A skillfully written, but also kind of dumb, historical-fantasy-war-adventure.

One the one hand, the author is a good writer, and he has a fast paced and action filled story with descriptive and well done combat and realistic tactics and strategy and such. The author has set his story in a just slightly ahistorical/fantastical version of Ancient Greece and its city states, and the descriptions of the gear and tactics and daily life and tools match up with the best theories we have about what that was all like. And the story is paced well, not too long, with not too many extraneous bits, and with a short but sensible dramatic structure.
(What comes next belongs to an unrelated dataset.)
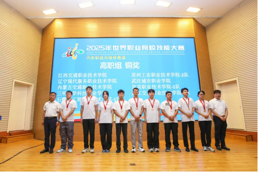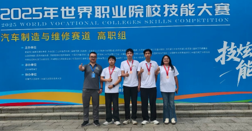 2025年8月28日至30日,2025年世界职业院校技能大赛总决赛争夺赛“汽车制造与维修”赛道(高职组)在长春汽车职业技术大学和吉林交通职业技术学院成功举办。由我校刘良、李元正老师指导,吴宏、沈顺林、李智明、刘冉四位同学组成的参赛队,凭借扎实的专业技能、创新的设计思路和稳定的现场表现,最终荣获该赛道铜奖。
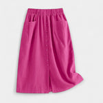 Přirozená textura a nenucený styl v sukni, která kombinuje retro kouzlo s každodenní praktičností. Vysoký pas ženským způsobem obepíná siluetu, zatímco přední kapsy nabízejí pohodlí a funkčnost.

On the other hand, the title page of the book has a blurb-recommendation by Steven Erikson, who is the godfather of terrible fantasy door stops. And when you think about it, you can see why Erikson would like the novel. It has this feel of manly men and blood and tragedy for no particular good reason. While the moment to moment writing is fine, there's a lot of open questions about what the story and plot are doing and why they are doing it. E.g. Why set this story in a fantastical version of Greece? Did the science fictional and ahistorical elements really add anything to the story? (no) If you are doing a fantastical story, why hew so closely to these historical plot lines? E.g. why not just write historical fiction, rather than off-by-10% semi-fantasy historical fiction? Were we supposed to be rooting for the majority of the PoV characters? They seemed like kind of dicks in the greater scheme of things and there wasn't any real reason to hope that they would succeed rather than their opponents. Along the same lines, were we supposed to feel bad when bad things happen to them and their people? Or is the story more "milk man gets served milk"? (yes) Did the story need so much rape? As usual the answer is probably not.

So, this was a technically competent historical-fantasy adventure story (a bit like a text version of the movie _Gladiator_, but without the gladiators?) that was lacking in overall direction and meaning.